При этом вопросе Клинкевич демонстративно повернулась и в упор посмотрела на главного врача.
– Думаю, что такой необходимости нет, – решил Федор Николаевич.
– Правильно, – сказал Мирзоян, – они ведь мусульмане. У них не принято трогать тело после смерти. Они всегда просят не проводить вскрытия.
– Откуда вы знаете? – не выдержала Светлана Тимофеевна. – Вы, по-моему, армянин, а не мусульманин.
– Я бакинский армянин, – мягко ответил Сурен Арамович, – и первые тридцать пять лет своей жизни жил в Баку, который покинул после известных всем событий в Карабахе. Но традиции мусульман и их обычаи мне хорошо известны. Они будут категорически против вскрытия. Вообще у мусульман, как и у евреев, принято хоронить человека в день смерти. Еще до заката тело должно быть предано земле.
– Непонятный обычай, – снова не выдержала Светлана Тимофеевна. – Они так торопятся избавиться от своих покойников?
– Нет. Этот обычай связан с теми местами, где зародились иудаизм и ислам, – пояснил Мирзоян, – жаркие пустыни. Там нельзя долго оставлять тела умерших. Они начнут быстро разлагаться и вызывать ужасные болезни.
– Вы у нас эрудит, – кивнула Клинкевич, – спасибо, что пояснили.
– Значит, подготовьте все документы, – мрачно попросил Степанцев. – Что у нас еще?
– Радомиру Бажичу сегодня опять было плохо. Где-то после четырех утра, – сообщила другая женщина-врач. У нее было немного вытянутое лицо, собранные под шапочкой русые волосы, светлые глаза.
– Людмила Гавриловна, – обратился к ней Степанцев, – что вы советуете?
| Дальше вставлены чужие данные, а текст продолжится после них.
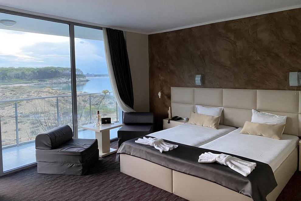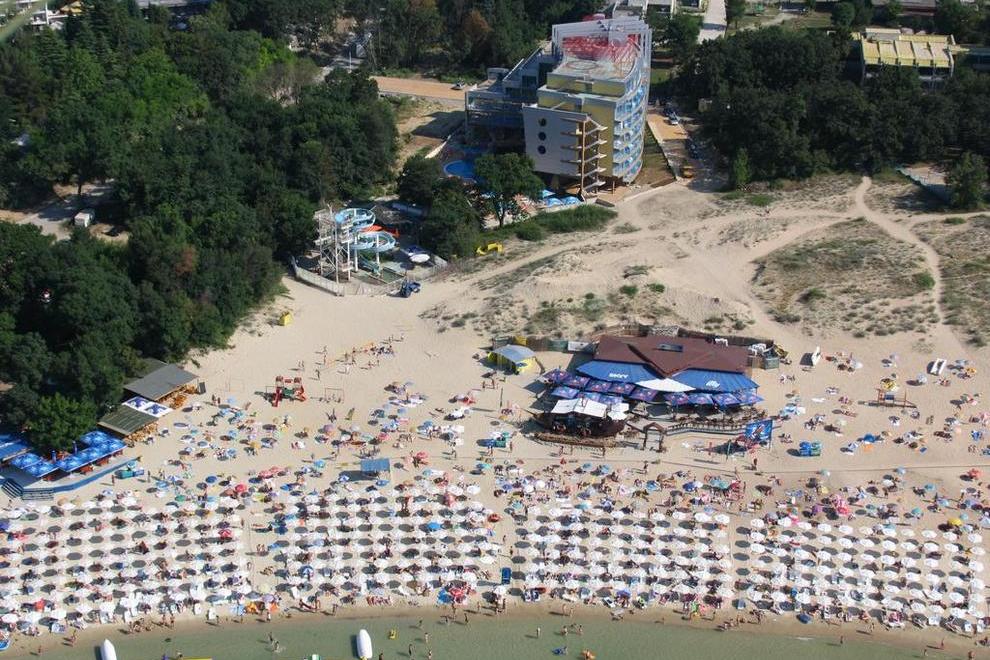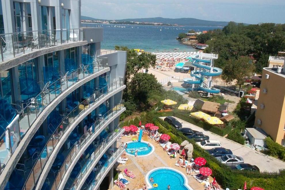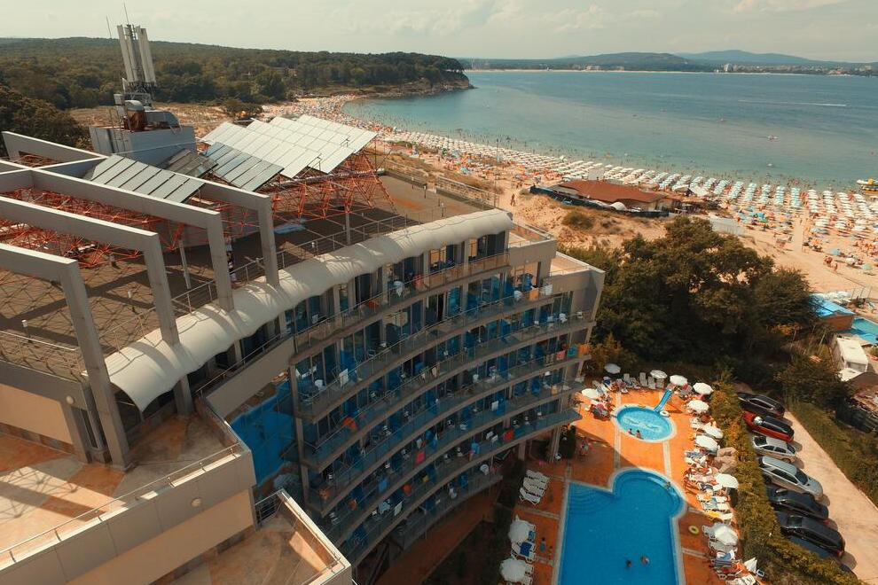 Хотелът се намира на първа линия, предлага удобството на плувен басейн и тераса за слънчеви бани.

Его приступы начали учащаться.
– Нужно переводить его в реанимацию, – вздохнула Суржикова, – в любой момент он может окончательно потерять сознание. Кажется, он это чувствует. Боли усиливаются, и постепенно больные клетки теснят здоровые. Как только процесс затронет лобные доли мозга, все будет кончено. Он потеряет свою индивидуальность.
Она сказала это довольно бесстрастным голосом, как говорят врачи о своих больных, но было заметно, что она волнуется.
– Что-то не так? – спросил Степанцев. Он тоже почувствовал ее волнение.
– Не знаю. Не хочу говорить, – она снова тяжело вздохнула, – вчера днем я с ним разговаривала. Он понимает, что у него остались последние дни, возможно, часы. Только спросил меня, верю ли я в Бога. Я сказала, что в Николаевске есть православный священник, мы можем позвать его, если он хочет исповедаться. Можно пригласить даже католического священника из Санкт-Петербурга, если он католик, но Радомир перебил меня и снова спросил, верю ли я в Бога. Я честно призналась, что я агностик. И тогда он спросил меня: зачем Богу нужно было создавать его, чтобы убить в столь молодом возрасте? Для чего нужна такая жестокость и такое непонятное применение сил? Или его пример должен послужить кому-то наглядным уроком?
– Что вы ему ответили?
– Ничего. Я сидела и молчала. Не знаю, что говорить в подобных случаях. И никогда не знала. Врать не хочу, а говорить какие-то слова утешения, по-моему, просто стыдно.
– Вы врач, а не исповедник, – строго напомнил Степанцев, – и ваша задача в любом случае облегчать его муки. Не только физические, но и нравственные. И не нужно никому говорить, что вы агностик. Это ваше личное дело. В таких случаях можно соврать. Скажите, что вы верующая. Ему будет легче.